Nic nie bój się tego, co masz cierpieć (...) wierny aż do śmierci – Obj. 2:10
Jezus zapowiada zborowi w Smyrnie dziesięciodniowy ucisk. Powszechnie objaśnia się to jako dziesięcioletnie prześladowanie chrześcijan za panowania Domicjana. Sęk w tym, że w źródłach historycznych nie ma żadnych śladów jakichkolwiek prześladowań religijnych w tym czasie.
Smyrna jest jednym z dwóch zborów, dla których Jezus nie ma żadnej nagany. Jej poselstwo jest jednak i bez tego wystarczająco smutne. A to ze względu na zapowiedź trudnych przeżyć. Zapewne dlatego Jezus przedstawia się temu zborowi jako ten, który umarł, ale zmartwychwstał. Jego śmierć poprzedziło bezprzykładne cierpienie. Jednak ci, co zabijali Jego ciało, nie byli w stanie odebrać Mu prawdziwego, wiecznego życia.
Jezus mówi także o sobie, że jest pierwszym i ostatnim. On jest tym, który rozpoczyna i kończy wszystkie sprawy, przynajmniej te, które związane są z ludzkim zbawieniem. On pierwszy umarł i zmartwychwstał, On też dokończy dzieła zmartwychwzbudzenia z grobu wszystkich ludzi, nie pozostawiając w stanie snu śmierci ani jednej duszy. On pierwszy doznał cierpienia jako ofiarny baranek prowadzony na rzeź i w Nim dokona swojego mesjańskiego cierpienia ostatni z Jego naśladowców.
Smyrna to po grecku myrra. Ta gorzka żywica drzewa kamforowego ma właściwości bakteriobójcze i przeciwzapalne. Przy spalaniu wydaje miłą woń, a olejki eteryczne na bazie myrry używane są zarówno jako lekarstwo, jak i składnik perfum.
Gorycz myrry od starożytnych czasów kojarzona była symbolicznie z trudną, cierpką miłością i ogólnie z duchowym cierpieniem. Cierpienie zapobiega rozwijaniu się duchowych chorób, a także leczy te, które już się rozpoczęły. Cierpienie dla idei, zwłaszcza dla Boga i dla Chrystusa, dla prawdy, świętości i sprawiedliwości, jest także miłą wonią ofiary.
Wobec znaczenia tej nazwy nie ma nic dziwnego w tym, że smyrneński zbór został skojarzony ze szlachetnym, ofiarnym cierpieniem. Jezus pochwala ubóstwo smyrneńczyków, zapewniając ich, że i bez ziemskich dóbr są bogaci. Z uznaniem wyraża się o ich cierpliwości w znoszeniu obelg ze strony tych, którzy się mienią Żydami, ale w rzeczywistości stanowią synagogę Szatana.

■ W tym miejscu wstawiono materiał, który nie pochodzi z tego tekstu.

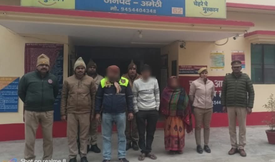 पुलिस अधीक्षक अमेठी श्रीमती अपर्णा रजत कौशिक के निर्देशन में एवं अपर पुलिस अधीक्षक अमेठी श्री ज्ञानेद्र कुमार सिंह के पर्यवेक्षण में जनपद अमेठी में अपराध एवं अपराधियों के धर पकड़ हेतु चलाये जा रहे अभियान के क्रम में दिनांक 18.12.2025 को क्षेत्राधिकारी गौरीगंज श्री अखिलेश वर्मा के कुशल नेतृत्व में थाना मुंशीगंज पुलिस द्वारा देखभाल क्षेत्र व वांछित अभियुक्तों की तलाश के दौरान मुखबिर की सूचना पर मु0अ0सं0 219/24 धारा 319(2), 315(4), 338, 336(3), 340, 61(2) बीएनएस थाना मुंशीगंज जनपद अमेठी में वांछित 03 नफर अभियुक्त/अभियुक्ता 1.दिनेश कुमार मिश्रा पुत्र स्व0 धर्मपाल, 2. सुशील कुमार मिश्रा पुत्र स्व0 धर्मपाल निवासीगण पूरे पाण्डेय मजरे रंजीतपुर थाना मुसाफिरखाना जनपद अमेठी, 3.सुनीता पुत्नी स्व0 दशरथ पाण्डेय निवासी ग्राम पूरे मनीराम पाण्डेय मजरे जलामा थाना मुंशीगंज जनपद अमेठी गिरफ्तार किया गया । गिरफ्तारी के संबंध में थाना मुंशीगंज पुलिस द्वारा आवश्यक विधिक कार्यवाही की जा रही है ।

Warto zatrzymać się na chwilę przy tej grupie, która pojawia się jeszcze raz w liście do Filadelfii (Obj. 3:9). W tamtym zborze niektórzy z owych Żydów mieli najwyraźniej dołączyć do zboru mesjańskiego. Konflikt między ortodoksją żydowską a mesjanizmem Jezusa był w pierwszym wieku bardzo żywy. „Prawowierni” postrzegali w nauce Mistrza z Nazaretu wielkie zagrożenie dla swojej pozycji ojców i nauczycieli. Z kolei zaś mesjanizm surowo osądzał postawę „faryzeusza”. Nawet w rozważanym miejscu czytamy bardzo ostre określenie: „synagoga szatana”. Nie odbiega ono znacznie od surowości języka Jezusa, który też kiedyś powiedział faryzeuszom, że są „z ojca diabła” (Jan 8:44). Nie jest to jednak ocena wszystkich Żydów, ale tych, którzy nimi się mienią. Faryzeusz Szaul z Tarsu też podobnie oceniał swój naród, pisząc, że nie wszyscy jego członkowie są prawdziwymi Izraelitami (Rzym. 9:6).
W Smyrnie jednakże „synagoga szatana” przyczyniała ucisków mesjańskiemu zgromadzeniu. Oprócz tego Jezus zapowiada, że diabeł wtrąci niektórych z wierzących do więzienia i że będą cierpieć ucisk przez dziesięć dni. W Biblii symboliczne określenia czasu bywają niekiedy przeliczane wedle zasady „dzień za rok” (Ezech. 4:6). Stąd też niektórzy komentatorzy dopatrują się w tej zapowiedzi konkretnego, dziesięcioletniego prześladowania w Smyrnie.
W czasie gdy powstawało Objawienie, nad światem panował najprawdopodobniej Domicjan. Jego rządy w latach 81‑96 cechowała podobno tyrania i totalitarne metody sprawowania władzy. Nie był lubiany. Po jego śmierci bardzo szeroko propagowano negatywny obraz tego władcy. Nic dziwnego, że Euzebiusz z Cezarei (263‑339), chrześcijański historyk, egzegeta i polemista, przypisuje Domicjanowi prześladowanie chrześcijan. Jednak żadne źródła historyczne nie potwierdzają tego zarzutu.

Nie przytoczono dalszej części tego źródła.